The records below hold a stretch from the line with "Cabo Roig, Villa" through the line with "Poškozený obal. Nové"; return exactly those lines, ends included, and nothing more.

STORED DATA =
+ + + + +
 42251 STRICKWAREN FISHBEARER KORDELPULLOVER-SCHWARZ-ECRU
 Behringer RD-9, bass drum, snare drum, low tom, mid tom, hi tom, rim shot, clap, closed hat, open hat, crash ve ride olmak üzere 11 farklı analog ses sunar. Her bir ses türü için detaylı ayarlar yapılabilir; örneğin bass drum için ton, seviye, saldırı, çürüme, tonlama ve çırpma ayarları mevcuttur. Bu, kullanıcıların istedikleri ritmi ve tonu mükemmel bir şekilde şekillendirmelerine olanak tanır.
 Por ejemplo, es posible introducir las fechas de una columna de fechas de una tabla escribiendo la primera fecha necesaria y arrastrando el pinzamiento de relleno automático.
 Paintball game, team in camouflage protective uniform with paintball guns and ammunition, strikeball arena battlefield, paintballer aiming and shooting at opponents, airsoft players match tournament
+ + + + +
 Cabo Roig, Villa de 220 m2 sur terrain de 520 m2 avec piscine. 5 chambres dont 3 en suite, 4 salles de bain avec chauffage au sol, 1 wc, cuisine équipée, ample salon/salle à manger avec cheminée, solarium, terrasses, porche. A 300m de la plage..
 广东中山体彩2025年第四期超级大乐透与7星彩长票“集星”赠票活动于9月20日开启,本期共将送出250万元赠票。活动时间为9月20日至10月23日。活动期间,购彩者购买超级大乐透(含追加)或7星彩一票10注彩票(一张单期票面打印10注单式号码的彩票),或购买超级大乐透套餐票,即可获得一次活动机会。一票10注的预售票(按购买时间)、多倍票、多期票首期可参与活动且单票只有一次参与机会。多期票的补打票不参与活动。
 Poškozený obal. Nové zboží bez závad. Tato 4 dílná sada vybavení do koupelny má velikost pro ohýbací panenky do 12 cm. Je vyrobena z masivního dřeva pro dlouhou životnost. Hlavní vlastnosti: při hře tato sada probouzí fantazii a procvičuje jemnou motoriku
+ + + + +
WRITTEN RESPONSE =
 Cabo Roig, Villa de 220 m2 sur terrain de 520 m2 avec piscine. 5 chambres dont 3 en suite, 4 salles de bain avec chauffage au sol, 1 wc, cuisine équipée, ample salon/salle à manger avec cheminée, solarium, terrasses, porche. A 300m de la plage..
 广东中山体彩2025年第四期超级大乐透与7星彩长票“集星”赠票活动于9月20日开启,本期共将送出250万元赠票。活动时间为9月20日至10月23日。活动期间,购彩者购买超级大乐透(含追加)或7星彩一票10注彩票(一张单期票面打印10注单式号码的彩票),或购买超级大乐透套餐票,即可获得一次活动机会。一票10注的预售票(按购买时间)、多倍票、多期票首期可参与活动且单票只有一次参与机会。多期票的补打票不参与活动。
 Poškozený obal. Nové zboží bez závad. Tato 4 dílná sada vybavení do koupelny má velikost pro ohýbací panenky do 12 cm. Je vyrobena z masivního dřeva pro dlouhou životnost. Hlavní vlastnosti: při hře tato sada probouzí fantazii a procvičuje jemnou motoriku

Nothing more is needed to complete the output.